RNA Helicase DDX3 Interacts with the Capsid Protein of Hepatitis E Virus and Plays a Vital Role in the Viral Replication

Round 1

Reviewer 1 Report

Comments and Suggestions for Authors

As the causative agent, Hepatitis E virus (HEV) poses a severe threat to the human and animal health. Lin et al in their manuscript titled “ RNA helicase DDX3 interacts with the capsid protein of 2 hepatitis E virus and plays a vital role in the viral replication” investigate on the role of DDX3, an ATP-dependent RNA helicase, in the replication of the hepatitis E virus (HEV). Through bioinformatic, Co-IP, protein truncation, gene knockdown and other approaches, they demonstrated that DDX3 interact with the HEV capsid protein and play an extremely important role in HEV 17 replication. They also defined the domain and motifs of DDX3 involved in interacting with the capsid protein by multiple approaches. The results enrich the current understanding on HEV pathogenesis and provide insights into the HEV interaction with host to beneficial to virus replication. Generally, the experiments are well-designed, and manuscript is well-written. The data is also informative to the readers and peers .

 

Several minor modifications suggested

1.     In line 58-60, the authors should add the overall genotype information of HEV (HEV-1~8) and their host spectrum followed by emphasizing the Genotype 1,2,3, and 4.

2.     Line 360-361, change the sentence to “The results indicate that the ATPase motif of DDX3 is extremely important for HEV replication”

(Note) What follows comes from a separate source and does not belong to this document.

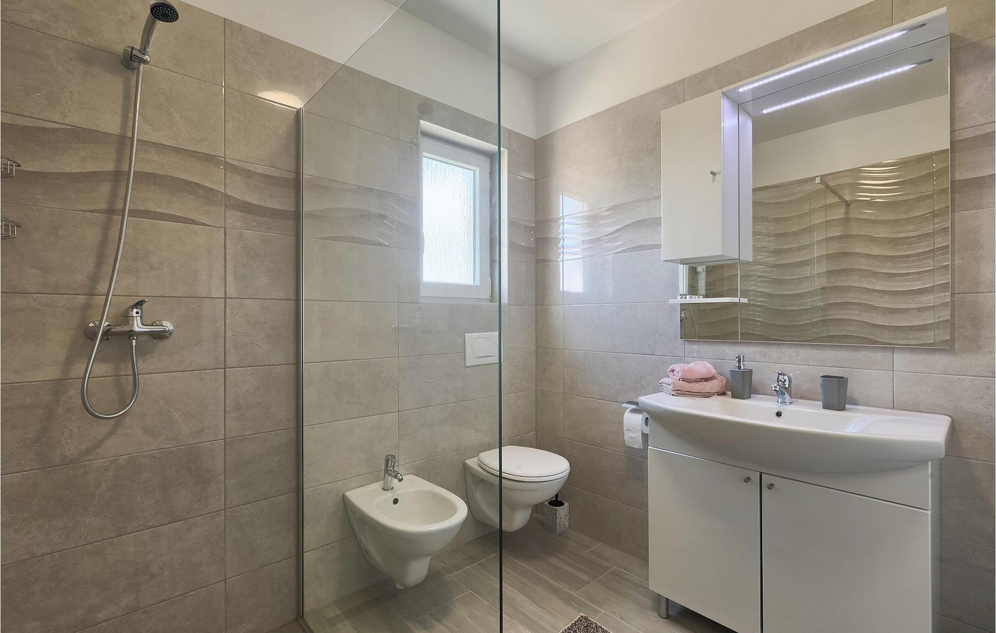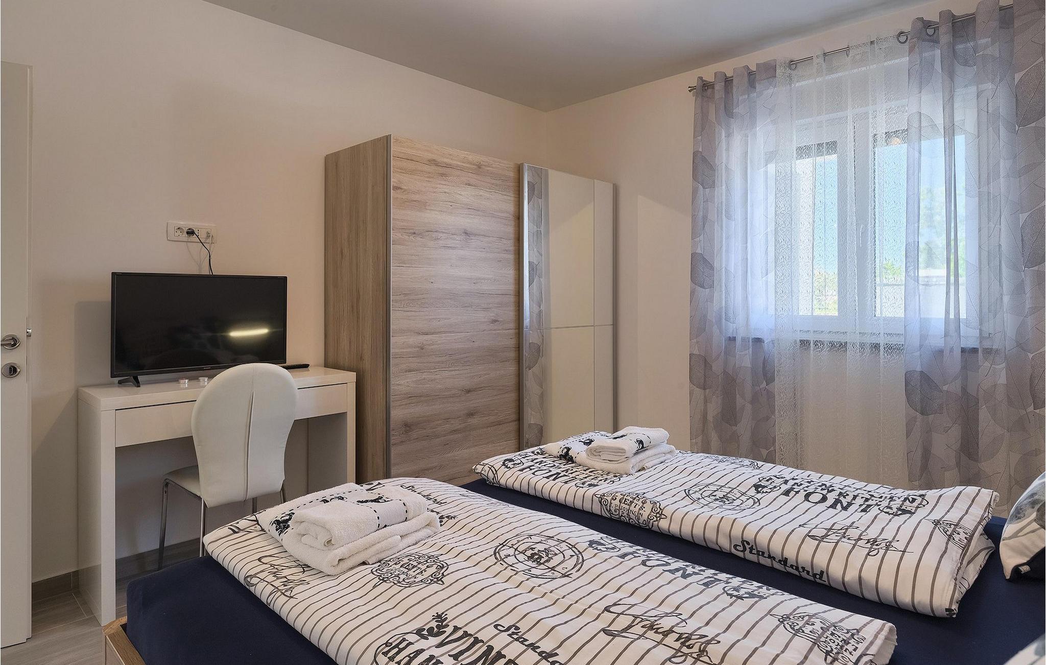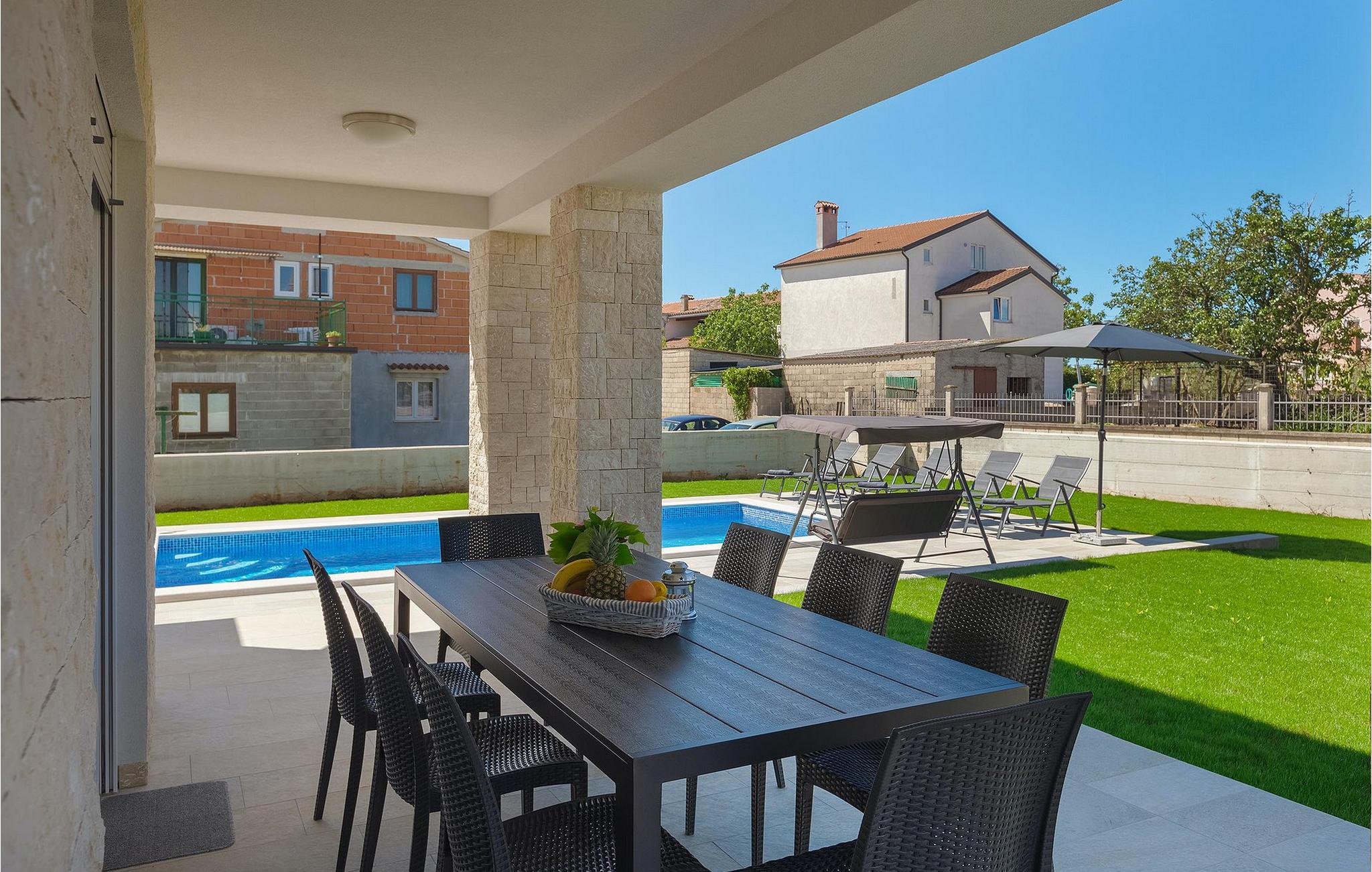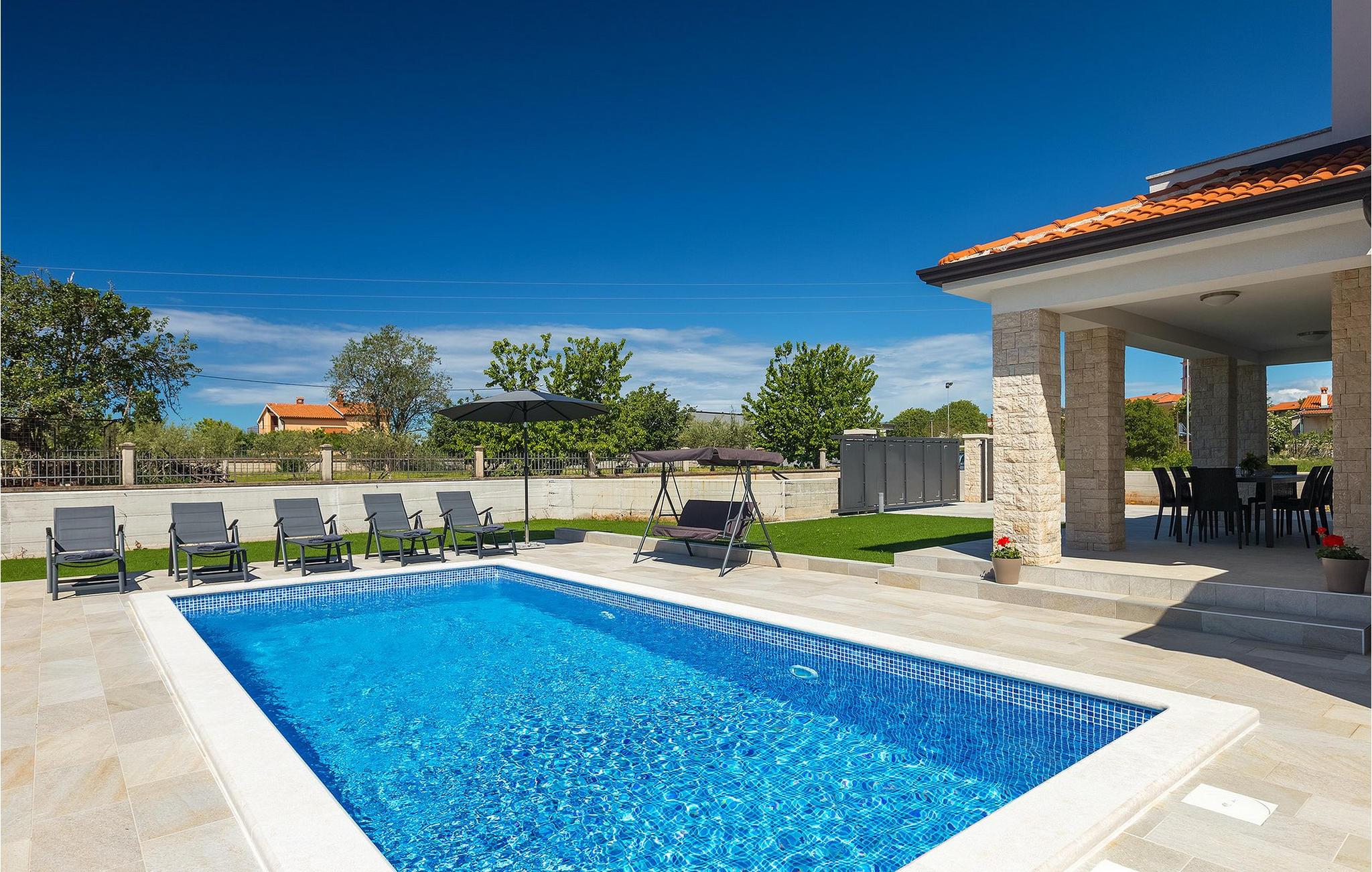 Dejlige Villa Zirdum er et glimrende valg til en afslappet familieferie. Med 3 soveværelser kan villaen rumme op til 6 gæster (+ 1 barn op til 7 år efter anmodning). Stueetagen har et åbent koncept - der finder du en hyggelig stue med pejs, samt et fuldt udstyret køkken med spiseplads. Også i stueetagen er et af soveværelserne udstyret med en dobbeltseng samt 2 badeværelser. På øverste etage finder du yderligere 2 soveværelser, begge med eget badeværelse for at gøre dit ophold så behageligt som muligt. Villaen er lys og luftig, men foretrækker du at bruge tid udenfor, vil du blive begejstret for din egen indbydende pool. Nyd solen og nyd den sindsro en lille landsby i Istrien kan tilbyde. Til din rådighed er en kulgrill - hav det sjovt med at grille og nyd dine måltider al fresco på terrassen. Der er Wi-Fi og aircondition. Vælg Villa Zirdum til din ferie og tilbring en dejlig ferie i Istrien!

3.     In line 368-369, change the subtitle of the figure legend to “C. Restoration of HEV replication in cells trans-compensated with the DDX3 wild-type and the helicase-mutant”

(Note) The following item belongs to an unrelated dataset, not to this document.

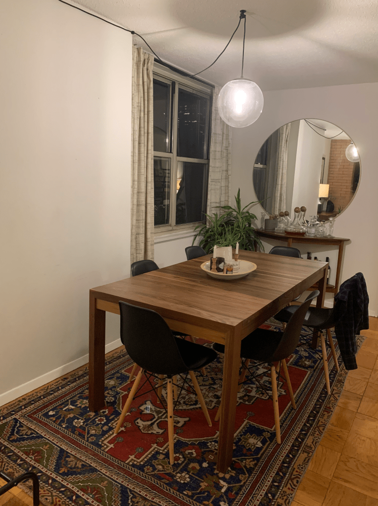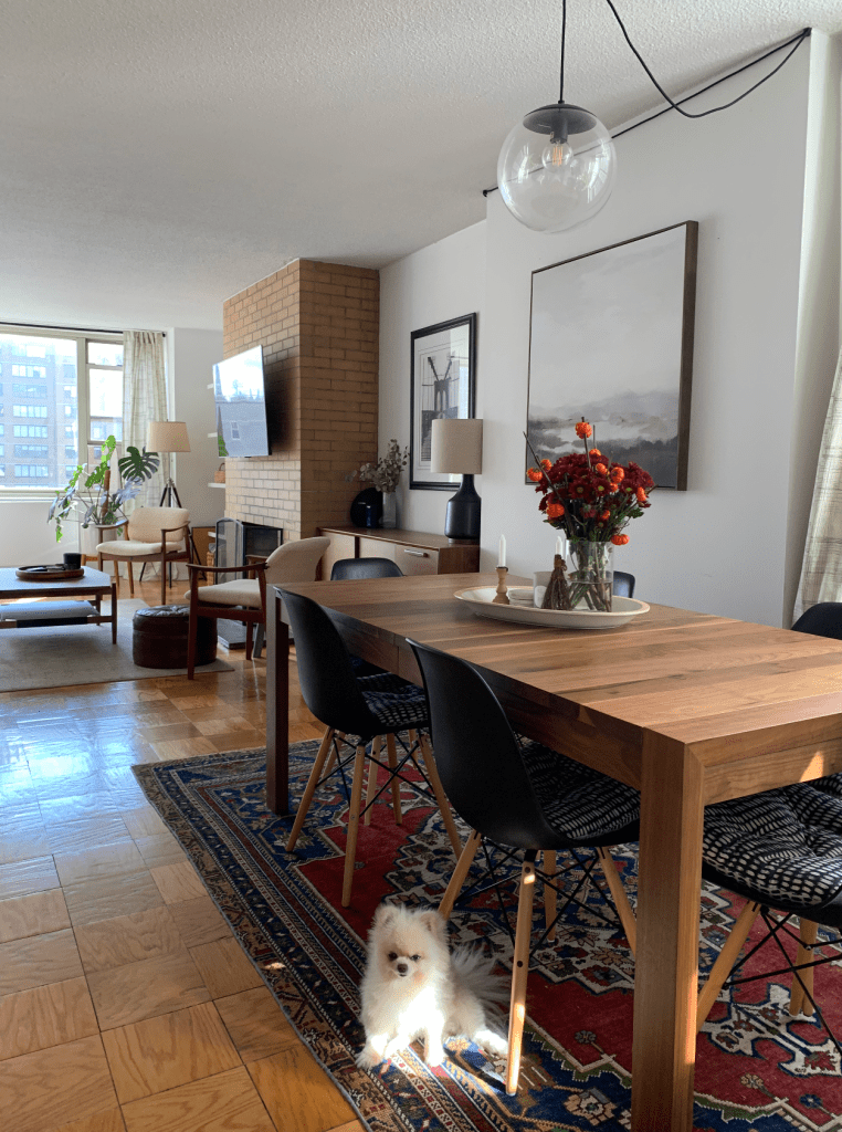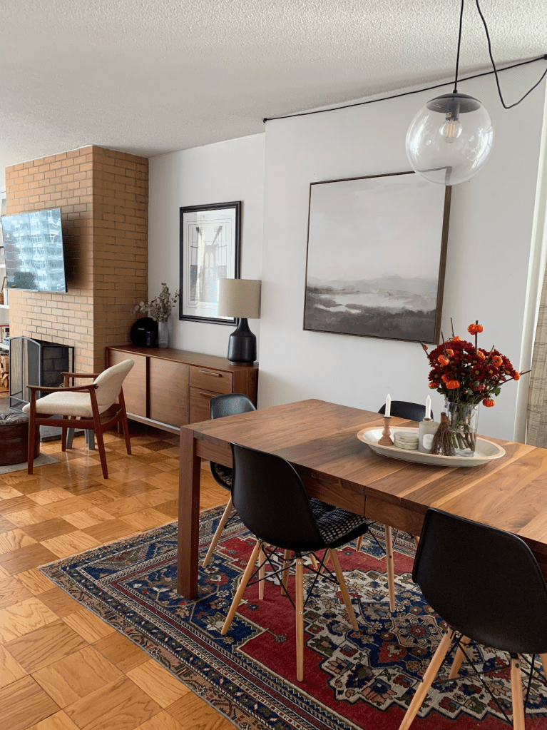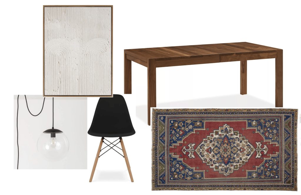 So to say the obvious, the table was not cheap. This was our “high-cost” item which meant we needed to get real about the supporting actors of the space: The chairs, rug, lighting, and art.
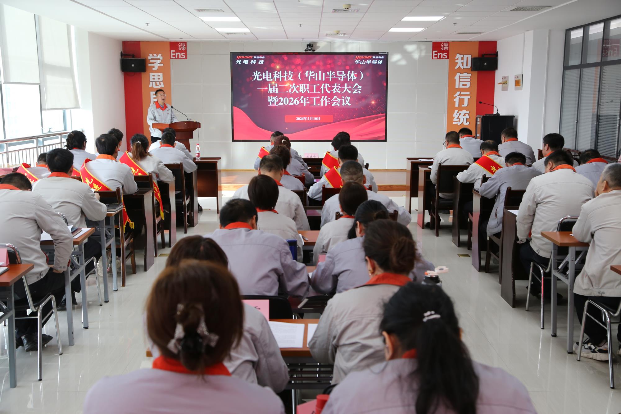 2月10日,光電科技(華山半導(dǎo)體)召開一屆二次職工代表大會(huì)暨2026年工作會(huì)議。會(huì)議深入貫徹落實(shí)集團(tuán)公司三屆四次職代會(huì)暨2026年工作會(huì)議精神,全面總結(jié)2025年及“十四五”發(fā)展成效,科學(xué)謀劃“十五五”發(fā)展藍(lán)圖,系統(tǒng)部署2026年重點(diǎn)任務(wù),動(dòng)員全體干部職工以實(shí)干擔(dān)當(dāng),奮力譜寫高質(zhì)量發(fā)展提質(zhì)見效新篇章。公司黨委書記、董事長(zhǎng)劉建中出席會(huì)議并講話。公司領(lǐng)導(dǎo)班子成員,職工代表、列席代表,以及受表彰的先進(jìn)集體代表和先進(jìn)個(gè)人參加會(huì)議,工會(huì)主席鄭興貴主持會(huì)議。

4.     Line 387: change sentence “In this study, the depletion of DDX3 attenuates HEV replication” to “In this study, the depletion of DDX3 was demonstrated to attenuate HEV replication”

Author Response

Reviewer 1

As the causative agent, Hepatitis E virus (HEV) poses a severe threat to the human and animal health. Lin et al in their manuscript titled “ RNA helicase DDX3 interacts with the capsid protein of 2 hepatitis E virus and plays a vital role in the viral replication” investigate on the role of DDX3, an ATP-dependent RNA helicase, in the replication of the hepatitis E virus (HEV). Through bioinformatic, Co-IP, protein truncation, gene knockdown and other approaches, they demonstrated that DDX3 interact with the HEV capsid protein and play an extremely important role in HEV 17 replication. They also defined the domain and motifs of DDX3 involved in interacting with the capsid protein by multiple approaches. The results enrich the current understanding on HEV pathogenesis and provide insights into the HEV interaction with host to beneficial to virus replication. Generally, the experiments are well-designed, and manuscript is well-written. The data is also informative to the readers and peers .

Thank you for the comments.

Several minor modifications suggested

1. In line 58-60, the authors should add the overall genotype information of HEV (HEV-1~8) and their host spectrum followed by emphasizing the Genotype 1,2,3, and 4.

      Thank you for the comments. The information is added: “HEV strains are heterogenic and there are four genera in the subfamily Orthohepevirinae, the Hepeviridae family [21]. There are eight genotypes in the species Paslahepevirus balayani, the genus Paslahepevirus. At least four of the eight genotypes can infect humans: genotypes 1 and 2 are restricted to humans, whereas genotypes 3 and 4 are zoonotic with an expanded host range, including monkey, pig, sheep, cow, wild boar, deer, rabbit, and mongoose [22,23]. Genotypes 5 and 6 are isolated from wild boars [24] and genotypes 7 and 8 are isolated from camels [25,26]. Strains of genotypes 5 and 7 are suspected of the potential for zoonotic infection [26,27].”

2. 2.Line 360-361, change the sentence to “The results indicate that the ATPase motif of DDX3 is extremely important for HEV replication”

      Thank you for the comments. Done as suggested.

3. 3.In line 368-369, change the subtitle of the figure legend to “C. Restoration of HEV replication in cells trans-compensated with the DDX3 wild-type and the helicase-mutant”

      Thank you for the comments. Done as suggested.

4. Line 387: change sentence “In this study, the depletion of DDX3 attenuates HEV replication” to “In this study, the depletion of DDX3 was demonstrated to attenuate HEV replication”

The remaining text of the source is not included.